Imagine how much damage such behavior can do to children. Instead of learning to be humble, they grow up knowing you always have to show off and be or do better that others, not for yourself, but for the others to envy you. Terrible.

Exactly! So sad.

The world is filled with zillions of people which basically means zillions of different characters, attitude and behaviours. If they tend to behave that way maybe its their personality however the point is to understand that people are different. I love the fact you always be yourself when you encounter such scenario.

The question is, do you want these people in your life? Do you want to be a tool in their hands they use to obtain happiness while draining your energy? I don't :)

First of all a person dont even need to rethink the idea of having such ppl in their life. Who would want something that will cause mental health.

Who would want something that will cause mental health.

Me, as mental health is important. But people like him are harming my mental health.

Then you ignore and finished whatever deal you have with him then cut him off, no time stressing your brain that will contradict your sanity, that is what I'll do peace of mind is everything

What makes people be like this?

First I must agree, people are definitely like this and social media just makes it worse. I think it comes from a place of insecurity. And from a desire to feel good about themselves by being superior to others. Genuine friends and genuine good people are hard to find. Its possible to avoid people that behave this way (except for the occasion work or other obligation that forces you) but that can be isolating or at the very least make your world a smaller place. I think you have to find a way to not let it bother you. Thats the path to being one of those genuine people yourself. But not at the cost of your own well being. I find most people will talk themselves out if you let them go on about how wonderful they are... and then a more meaningful discussion can begin. But alas not everyone. Sometimes you just have to move on and avoid them...

I think you have to find a way to not let it bother you. Thats the path to being one of those genuine people yourself. But not at the cost of your own well being.
Sometimes you just have to move on and avoid them...

I couldn't agree more. You can't change them, so you need to find a way to deal with them, or avoid them, if you can.

There's no need for whatsoever to show off, so matter what level you might have attained in life, someone else has been there.

Unhealthy competitions really affect people that have the time and energy to look for it, gullible people too.
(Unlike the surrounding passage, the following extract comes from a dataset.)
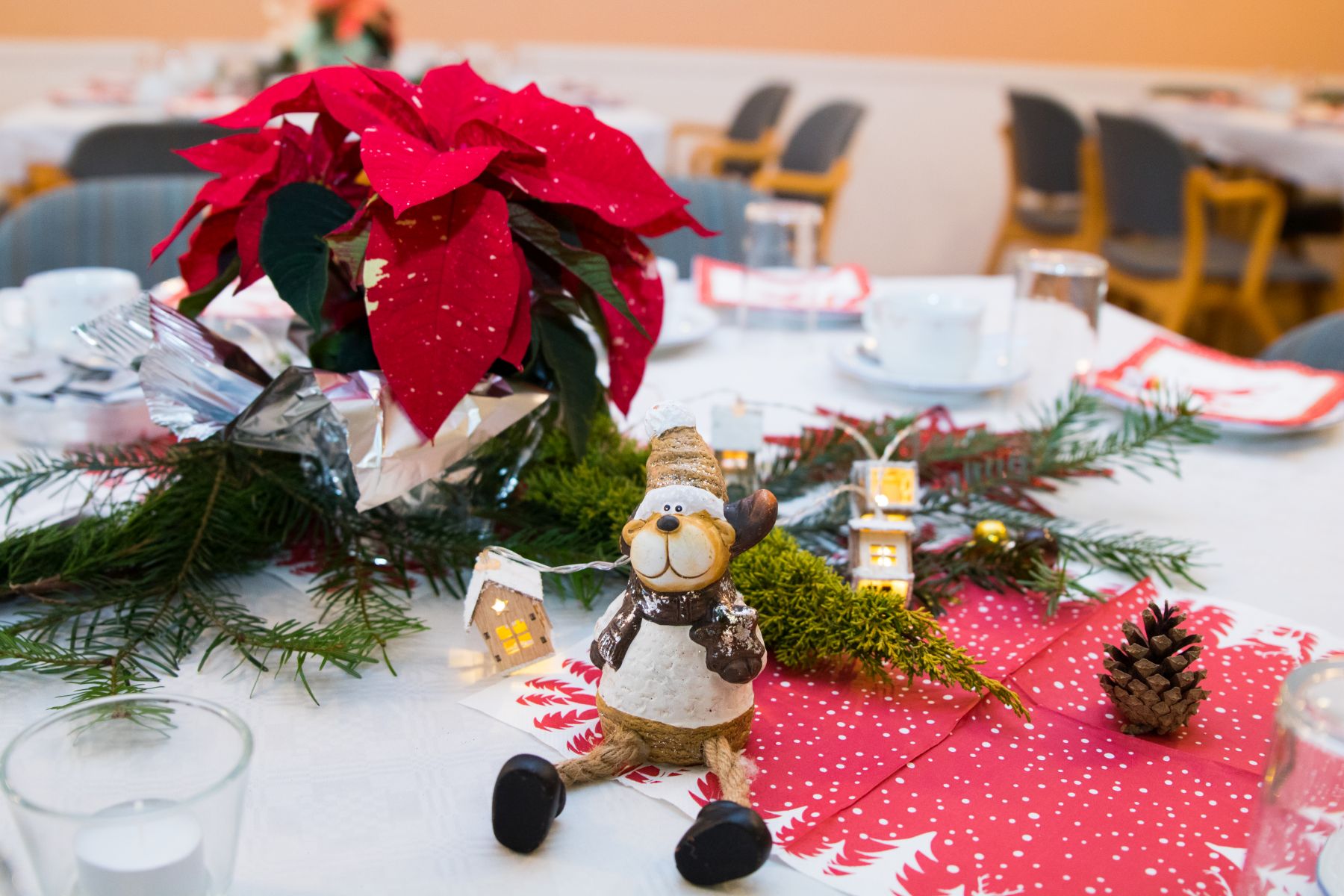 Schon beim Betreten des festlich geschmückten Saals kam Weihnachtsstimmung auf. Lichterketten, Tannenzweige, Schneeflocken-Girlanden sowie Weihnachtsterne und goldene Rentiere ließen den Saal funkeln, während die Gäste in stimmungsvollen Outfits glänzten – von Nikolausmützen bis hin zu leuchtenden Festtagsaccessoires.

When someone radiates any kind of energy and it's not being reciprocated, he of she will pause.
If you are actually showing off, I would so ignore you that you can only imagine. With time you will stop it.
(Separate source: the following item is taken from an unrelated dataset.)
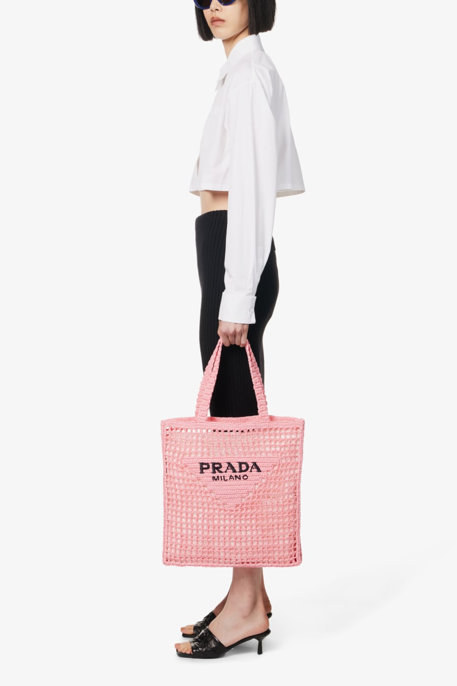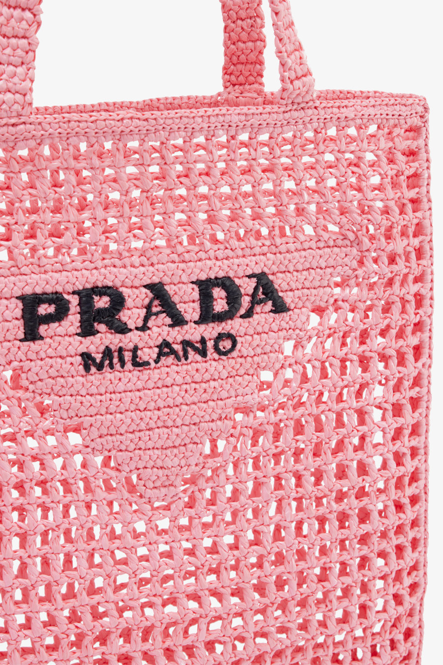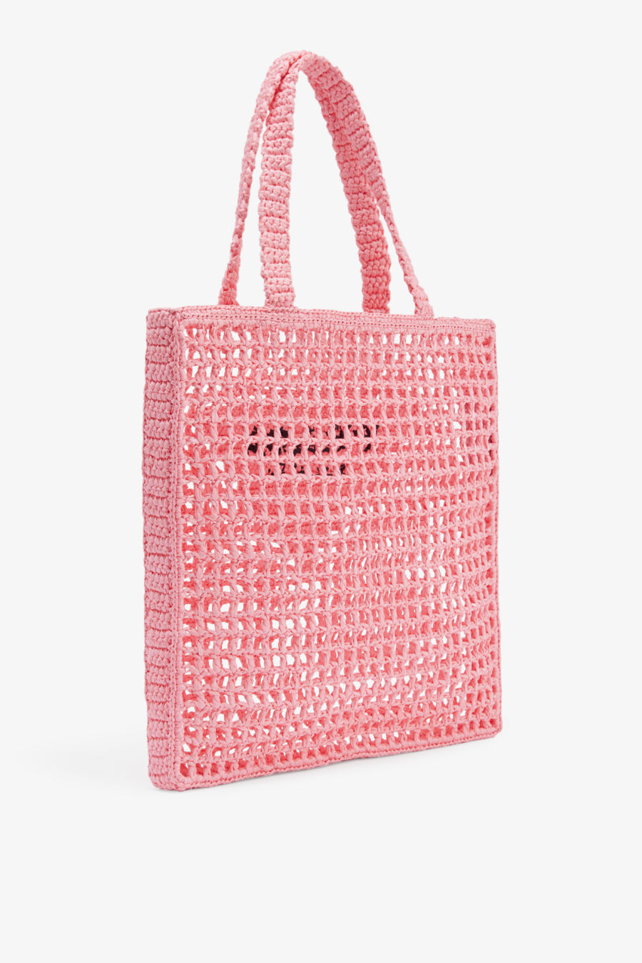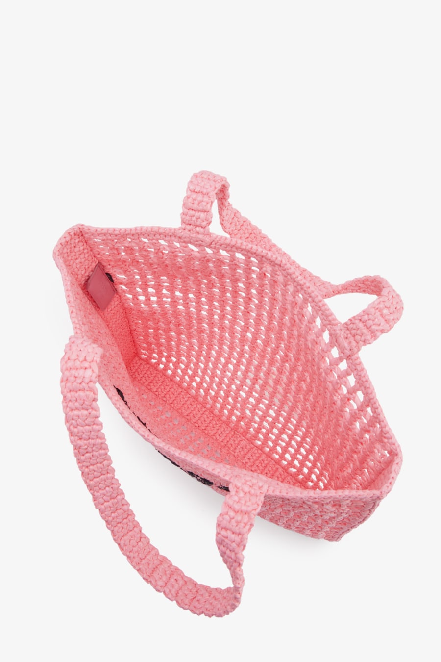 Open top. Double top handles, brand text pattern, all-over mesh crochet pattern.

You are right, no need to show off but I'm afraid modesty is not something they practice.

I think that the degree of understanding that the adult gives is important. This must have reached a higher degree of maturity.

The innate wanting in people to feel appreciated—that's how it starts. It's normal, but it can mutate in some people and turn into a condescending, deep-seated need for validation and approval. And they try to feed off those that appear inferior to them. Might be a good professional, but clearly not with empathy and making actual friends.

Among men on the professional side I feel that happens more, wanting to prove they are better than the other guy in a testosterone fight haha.
Very much in agreement, one should be content with the achievement of others and one's own. Success is measured in oneself and not in others because success depends on the situation and the struggle of each person.